К тому же ЛЮБИТЬ – слово такое заезженное, однозначное и грустное, что мне не хочется тебя любить.
Однако я, наверное, все равно попытаюсь описать чувство, переполняющее меня, поднимающееся и опускающееся, подобно большому озеру.
Когда отец навсегда переехал в Хаммарс, Сесилия дала своему работодателю обещание. Она никогда не относилась к нему как к отцу – не думаю, что между ними сложились подобные отношения, впрочем, их отношения были не похожи на ту связь, которая появляется между возлюбленными, друзьями или братом и сестрой. Так какова же она была? Они виделись по утрам, писали друг другу записки, совершенно лишенные чувств, зато полные сокращений: «т. к.», «и т. д.», «напр.», «и пр.». Коротенькие сообщения о практических деталях. Хозяйство, деньги, сиделки, мелкий ремонт. Отец практичностью не отличался, в отличие от моего свекра – тот мог пойти в лес и отыскать подходящую деревяшку, из которой мастерил потом рукоятку ножа или топора, зато отец понимал важность подобных практических моментов. Добротно изготовленных вещей. И когда все делается с умом.
– Забыть о практических моментах, когда выстраиваешь отношения, – это, сердечко мое, все равно что забыть о фундаменте, когда возводишь дом. И тогда считай, что ничего не вышло. Любовь без здравого смысла обречена на гибель. Нельзя… как же это сказать правильно… Нельзя построить дом, если в твоем распоряжении всего лишь пригоршня песка и миллион красивых слов.
Отец всю жизнь требовал у женщин обещания, первой была его собственная мать, темноглазая Карин, а последней – Сесилия.
Что станется с ним, когда он совсем постареет и будет не в состоянии ухаживать за собой?
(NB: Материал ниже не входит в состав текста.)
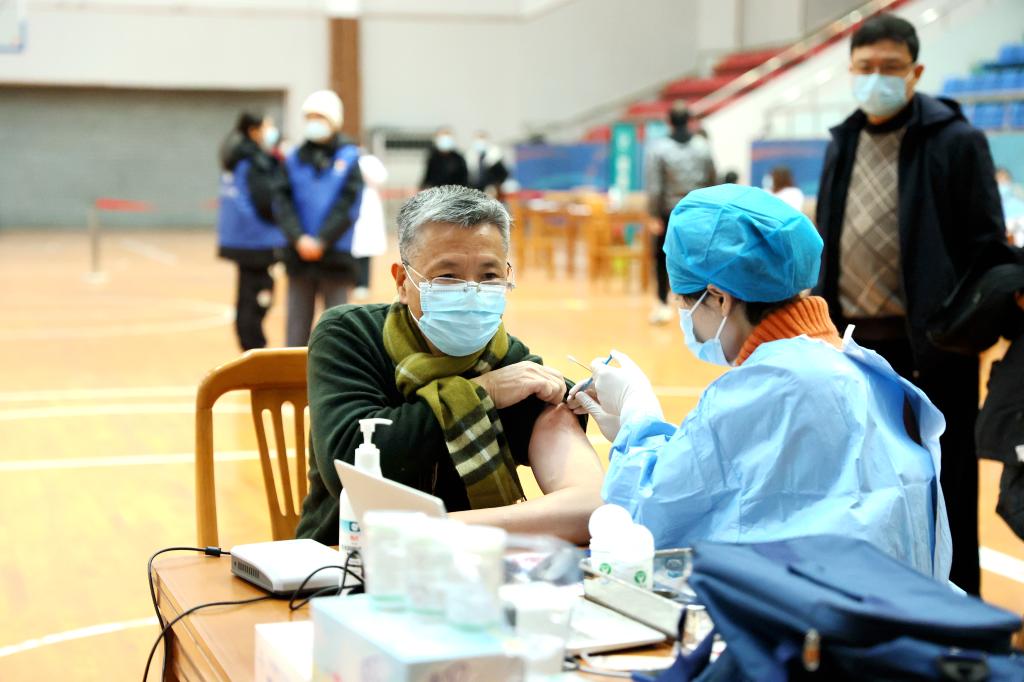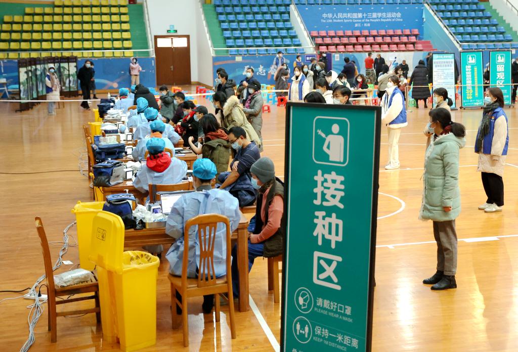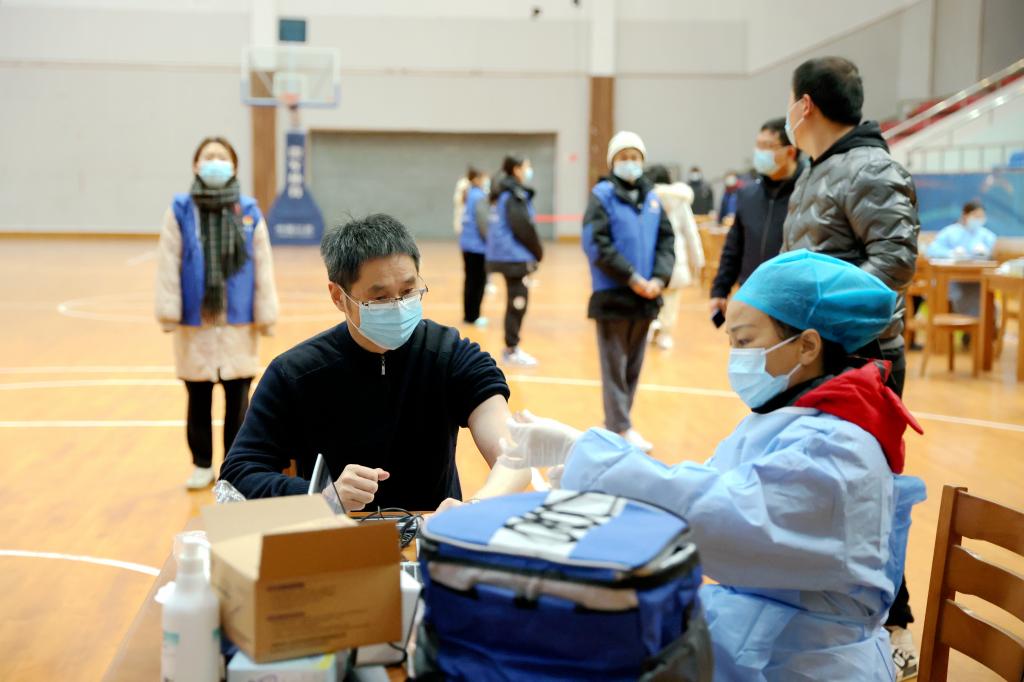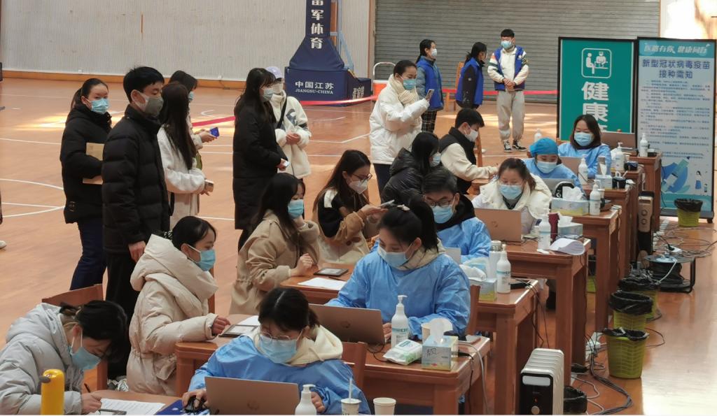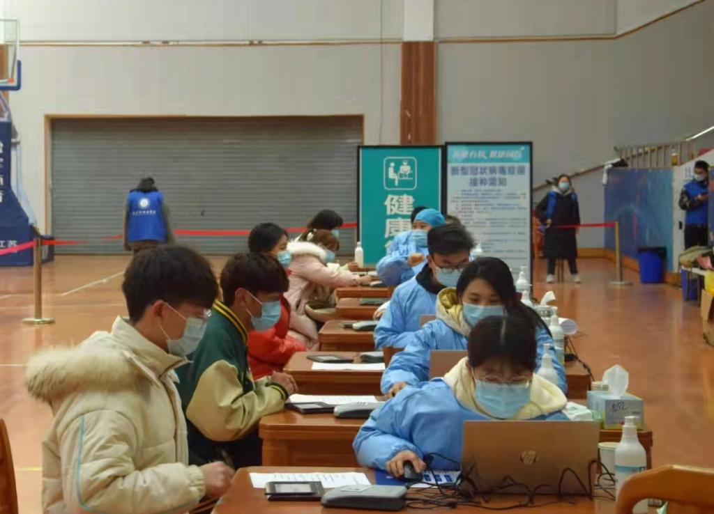 现场,符合接种条件的师生在行健馆东门入口处进行体温检测,在工作人员指导下有序排队进入接种点,按照医务人员指示,进行信息登记、等候接种,接种完毕后在留观区观察30分钟,最后从行健馆西门出口处有序离开接种点。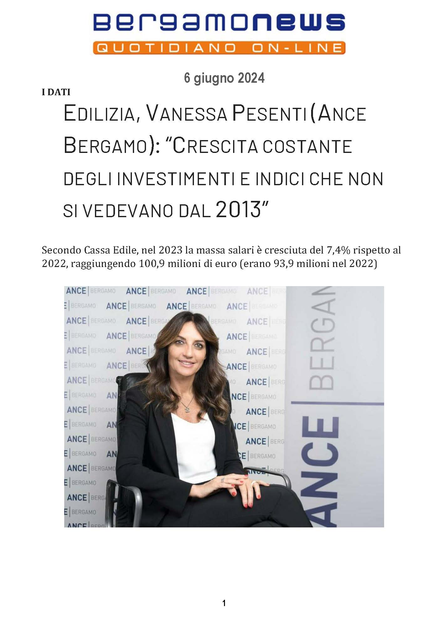 Intervento della presidente di ANCE Bergamo, ing. Vanessa Pesenti: Edilizia: "Crescita costante degli investimenti e indici che non si vedevano dal 2013"

Он полон энергии, квартира в Стокгольме продана, наконец-то он на весь год уезжает в Хаммарс. Сейчас весна, повсюду цветет ветреница, и отец рад: начинается новая жизнь, в которой он – островитянин, мужик с Форё. Так почему же он сейчас об этом спрашивает?
У перил стоит девушка, она отвернулась, и лица ее не видно, она смотрит вниз, в воду, словно хочет прыгнуть за борт. Он направляется в Форёсунд за газетами. Льет дождь. Девушка стоит неподвижно. Ему хочется, чтобы она обернулась и посмотрела на него. Она молодая, это понятно по ее фигуре. Паром качает. Идет дождь, и отец включает… как уж там они называются? Все останавливается. Нет, жизнь двигается дальше, но внутри у него все останавливается. Девушка не оборачивается. Идет дождь, девушка смотрит в воду, перегибается через перила, ему кажется, что она сейчас прыгнет, и он включает… эти… как уж там?.. Ну, в машине, их включают во время дождя, и они еще делают так – вжик-вжик?
Он сидел в джипе, на улице лил дождь, а слово «дворники» напрочь вылетело у отца из головы. «И куда это вообще годится, если я теряю способность себя контролировать? Если ноги меня не держат, глаз не видит, а слова исчезают?»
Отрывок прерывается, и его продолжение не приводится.